Comparative Example 1 Instead of 100 μPET containing zeolite of Example 1, 1
The same test was conducted except that a can body and a can lid were made using 00 μPET film. The DMS concentration in the headspace is 4.85 ppm, and the DMS amount in the content liquid and the gas phase is 24.2.
The amount adsorbed on the can body and the lid was 1.25 μg. The adsorption rate was 4.5%. Similarly, when a flavor test was conducted, a remarkable potato odor was felt when opening the can.

Examples 2 to 4 Comparative Examples 2 to 4 Instead of the zeolite used in Example 1, SiO ₂ / A
Similar tests were conducted using various zeolites having different l ₂ O ₃ . Table 1 shows the obtained results.

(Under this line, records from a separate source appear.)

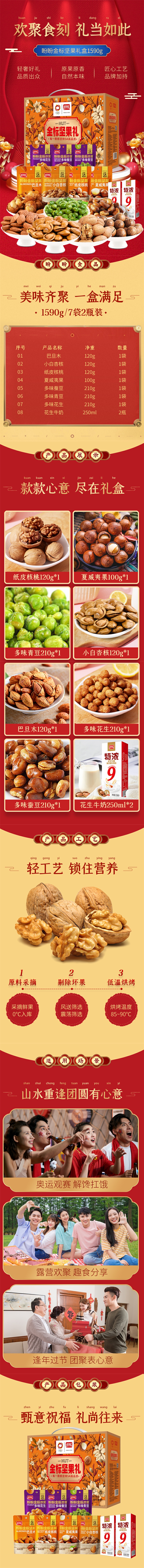 商品名称:盼盼优享款金标坚果零食礼盒1090g+500ml
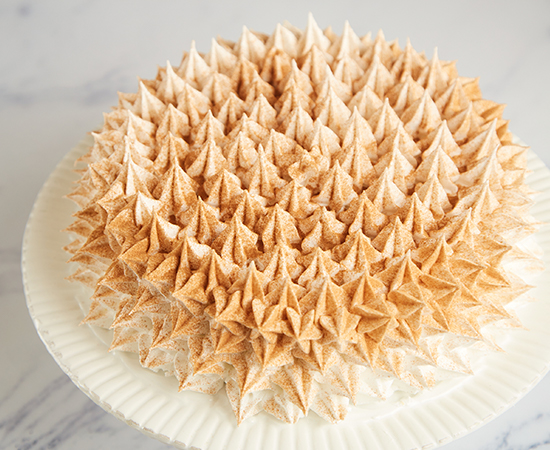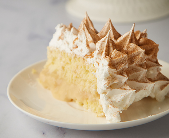 Queque húmedo de vainilla elaborado con tres tipos de leche, relleno de manjar casero, decorado con merengue italiano y canela.
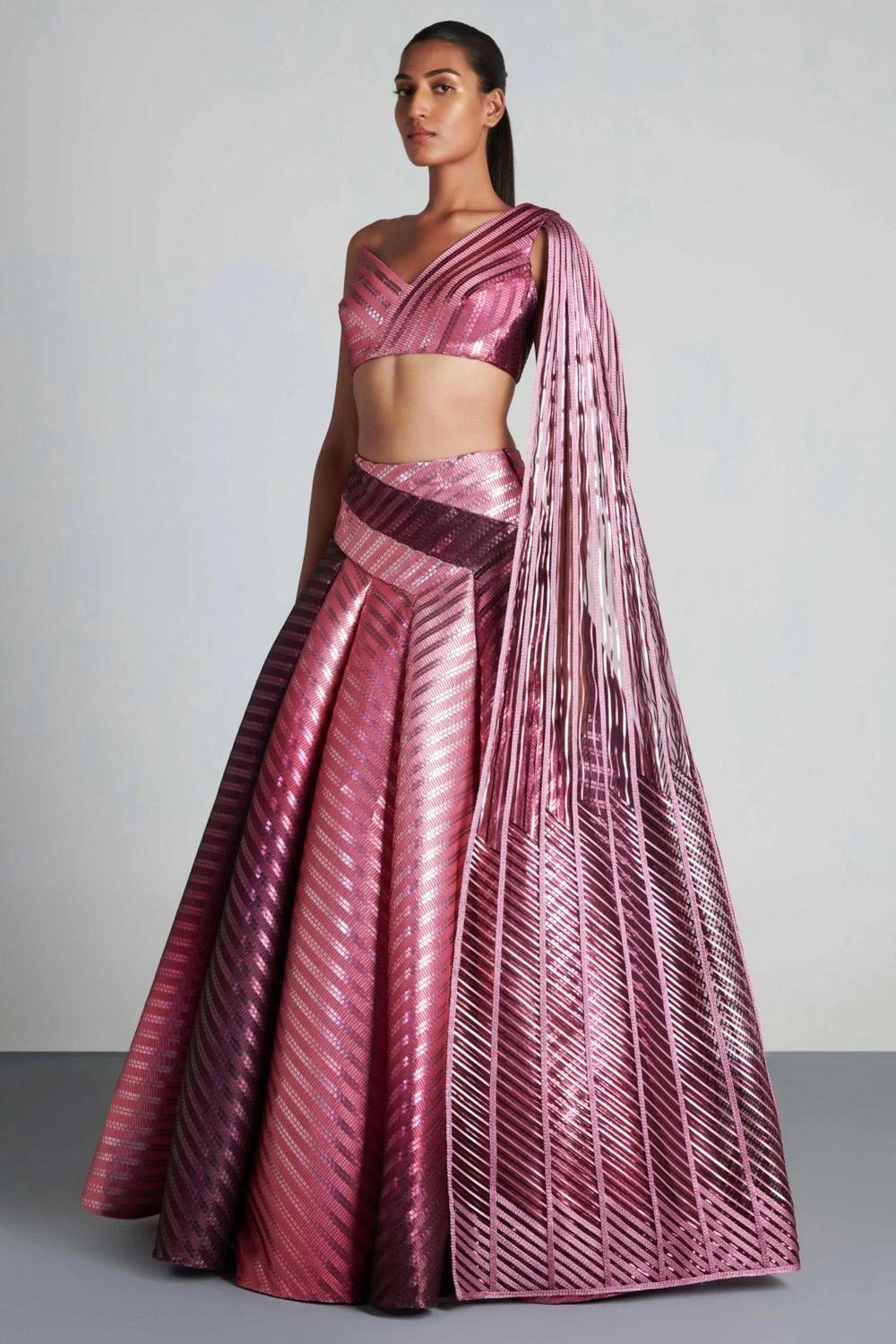 This plum & pink ombre metallic lehenga set by Amit Aggarwal incorporates art and innovation. It features a voluminous panelled lehenga paired with an asymmetric blouse accentuated with an attached sunray drape.

Example 5 Si was added to 100 parts of resin in an epoxyphenol coating.
O ₂ / Al ₂ O ₃ is 1800, specific surface area is 400 m ² / g
20 parts by weight of H-ZSM zeolite having a particle size of 5 μm was added.
This is 4cm in diameter, 5.25cm in inner diameter, and 13.2c in height.
m of the molded TFS DI can was spray-painted on the can body and the can lid. The can body and lid were baked in an oven at 250 ° C. for 10 minutes. A total of 0.5 g of coating film was formed on the can body and the can lid. 50 ml of mandarin orange juice was hot-packed at 95 ° C. in this can, the lid was closed, and stored at 25 ° C. for 3 months. The DMS concentration in the headspace was measured by FPD-GC. The amount of DMS remaining in the internal article was determined by a calibration curve for determining the total concentration in the liquid phase and in the gas phase from the DMS concentration in the headspace prepared in advance. As a result, DMS was not detected. The amount of zeolite added is 0.4 g
/ Content 1L. A canned tangerine juice prepared in the same manner was stored at 25 ° C. for 3 months and then subjected to a flavor test.

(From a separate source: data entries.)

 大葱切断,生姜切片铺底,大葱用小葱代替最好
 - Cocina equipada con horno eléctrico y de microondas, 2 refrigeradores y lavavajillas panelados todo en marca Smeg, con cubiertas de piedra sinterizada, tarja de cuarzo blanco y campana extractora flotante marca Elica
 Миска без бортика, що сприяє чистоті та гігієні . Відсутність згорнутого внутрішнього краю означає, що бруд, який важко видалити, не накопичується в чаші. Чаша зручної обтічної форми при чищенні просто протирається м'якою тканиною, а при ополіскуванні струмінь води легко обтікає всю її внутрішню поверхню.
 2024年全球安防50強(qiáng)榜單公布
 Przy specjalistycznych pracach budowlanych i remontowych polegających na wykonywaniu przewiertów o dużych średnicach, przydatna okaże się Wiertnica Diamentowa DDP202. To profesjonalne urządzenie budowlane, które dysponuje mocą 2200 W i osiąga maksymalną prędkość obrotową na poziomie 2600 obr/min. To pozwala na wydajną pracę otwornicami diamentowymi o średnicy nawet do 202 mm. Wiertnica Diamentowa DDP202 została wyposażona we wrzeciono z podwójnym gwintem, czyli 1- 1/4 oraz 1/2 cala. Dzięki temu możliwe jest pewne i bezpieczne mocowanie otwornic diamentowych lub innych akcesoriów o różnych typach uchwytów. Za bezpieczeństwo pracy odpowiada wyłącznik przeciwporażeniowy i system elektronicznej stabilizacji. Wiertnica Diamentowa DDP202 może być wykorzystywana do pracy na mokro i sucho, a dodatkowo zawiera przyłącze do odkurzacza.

Comparative Examples 5-6 Examples 7-8 Similar tests were carried out in Example 5 except that the amount of zeolite added was changed. Table 2 shows the obtained results.

[0078]

[Table 1]

[0079]

[Table 2]

[0080]

EFFECTS OF THE INVENTION According to the present invention, a hydrophobic zeolite having a SiO ₂ / Al ₂ O ₃ molar ratio of 10 or more is provided as a layer in which at least a part of the inner surface of a can for can is dispersed in a resin. As a result, it was possible to obtain the adsorption characteristics of the offensive taste and offensive odor components.

Claims (6)

[Claims] 1. A can for can made by winding a can body and a can lid, wherein at least a part of an inner surface of the can body or the can lid has a SiO ₂ / Al ₂ O ₃ molar ratio of 10 or more. A can for improving flavor retention, which is characterized in that a layer in which a crystalline zeolite is dispersed in a resin is formed. 2. The can for cans according to claim 1, wherein the hydrophobic zeolite is contained in the resin layer in an amount of 10 g to 1 mg per 1 L of the content product. 3. The can for cans according to claim 1, wherein the resin has a glass transition point of 50 ° C. or higher. 4. The can for cans according to claim 1, wherein the resin is a thermoplastic polyester resin or a polycarbonate resin having a glass transition point of 50 ° C. or higher, and the zeolite-dispersed resin layer is provided in the form of an inner surface coating film. . 5. The can for cans according to claim 1, wherein the resin is a thermosetting resin having a glass transition point of 50 ° C. or higher, and the zeolite-dispersed resin layer is provided in the form of an inner surface protective paint. 6. The zeolite-dispersed resin layer is 1 to 20.
The can for canning according to claim 1, wherein the can is provided with a thickness of 0 μm.